III. Were appellants denied certain constitutional rights, including the right to confront and cross-examine their accuser and the right to due process?
IV. Was the evidence insufficient to support appellants’ convictions?

FACTS

Joshua Brooks and his sister, the alleged victim, lived in Apartment 401 of the Forest Creek Apartments, located at 6553 HilMar Drive in Forestville, Maryland. Brooks testified that on 9 October 1993, he had a conversation with Shand regarding money he owed Shand for drugs. Brooks explained that he would pay Shand “the next day by 12 o’clock.” According to Brooks, Shand was “mistaken” and returned to Brooks’ apartment at 10:30 p.m. that evening with four other men, including Bailey, Allen, and Lamiah Hall1, to collect payment. Brooks testified that Shand and the four men met him outside of his apartment building and that they discussed the debt for approximately thirty minutes. At the conclusion of their conversation, Brooks, Shand, and the four men went upstairs to Brooks’s apartment to ask the victim for money. After the victim explained that she had no money, Shand insisted that Brooks go back outside the apartment. Once outside, Brooks testified that the men circled him and began “patting [his] pocket and ... took [his] stuff out of [his] [472]*472pockets,” including a pocket knife.2 According to Brooks, Bailey stated that they “were going to bust [Brooks] up.” Brooks was then permitted, from a neighbor’s apartment, to telephone his other sister, Judy Brooks, to ask her for money to pay Shand. Brooks then called his brother, Grady Lane, to ask him for the money.

After making the two telephone calls, Brooks went back to his apartment. He testified that the door was open and that when he entered, he was instructed by Hall to “stand still.” Brooks stated that he did not see the victim at that time. Shand then appeared from the bedroom, again requesting his money; Brooks responded that he “was waiting on some money.”

Brooks next let McDaniel Alvin Thomas (Alvin), a friend of the victim’s, into the apartment. Brooks testified that at the time he opened the door for Alvin, four of the men were in the back while Hall, Brooks, and Alvin remained in the front of the apartment. Brooks then asked Alvin for money to pay Shand; Alvin explained he had no money.

Brooks “decided then that [he] was going to try to go' get some help.” He left the apartment and went down the stairs. Once outside, he attempted to jump some bushes and injured his right knee. Brooks hobbled to a nearby apartment building basement and remained there until the morning when he was taken by ambulance to Prince George’s County Hospital.

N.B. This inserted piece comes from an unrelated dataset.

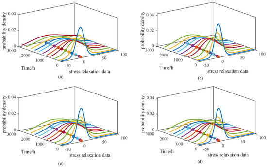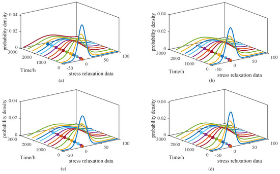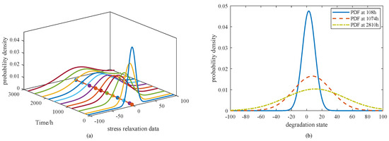 Figure 8a, the probability density functions (PDFs) of the proposed model are shown to closely follow the overall degradation trajectory under the 65 °C stress condition. The degradation trend is effectively captured, and the fitted PDFs provide a clear representation of the probabilistic distribution of degradation states across the time horizon. This demonstrates that the model not only traces the mean degradation path but also quantifies the associated uncertainty through the shape and spread of the PDFs.
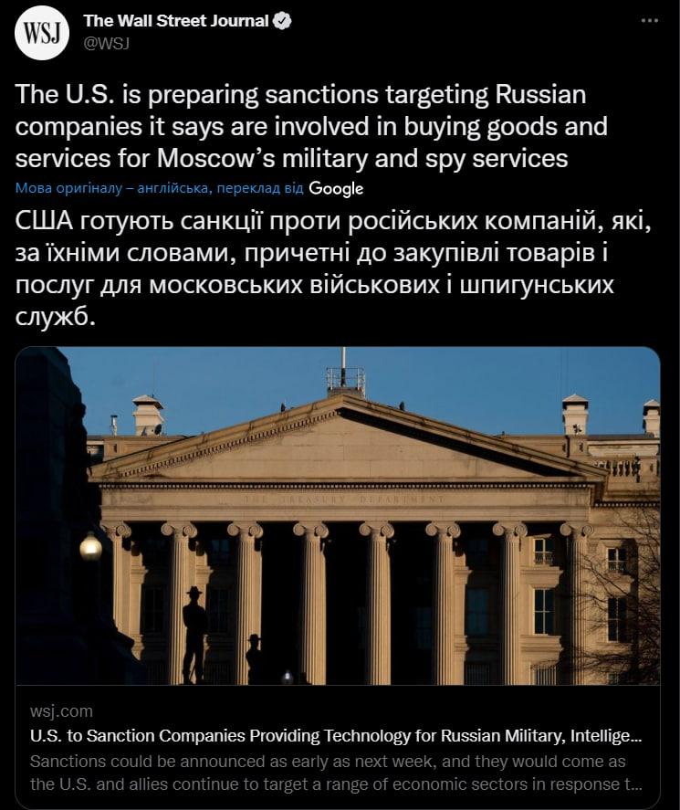⛔️The United States intends to impose sanctions against Russian companies that provide services and goods to intelligence services and the Russian military, reports The Wall Street Journal.

The victim testified that at approximately 11:00 p.m. on 9 October 1993, Brooks, appellants, and Lamiah Hall entered her apartment. Shand, from whom the victim admitted buying drugs in the past, explained that Brooks owed him money for drugs. Soon thereafter, all the men, including Brooks, left the apartment. The victim testified that when Shand returned, he threatened her with her brother’s pocket knife and led her into the bedroom. According to her, Shand then “put [473]*473his penis in [her] mouth and in [her] vagina several times” without her consent. A short time later, four men entered the bedroom, including Bailey and Allen, and Shand told “each one of them what to do, when to go first, when to go second, when to go third, or whatever.” The victim testified that, notwithstanding her pleas to stop and that they were hurting her, “[e]ach one of those three put their penis in [her] mouth and in [her] vagina over, and over, and over, and over.”3

The victim explained that, after what seemed like hours, the men left her apartment. She immediately locked the door behind them. At this time, Alvin was sitting in the living room. The victim testified that she told Alvin that “those guys came in here and raped me because they wanted money from my brother.” The victim then took a bath for approximately one-half hour, had a drink, and walked to a nearby pay telephone to call her sister. The victim testified that she told her sister “that some guys came in my house, wanted money, saying Josh owed them money and they raped me.”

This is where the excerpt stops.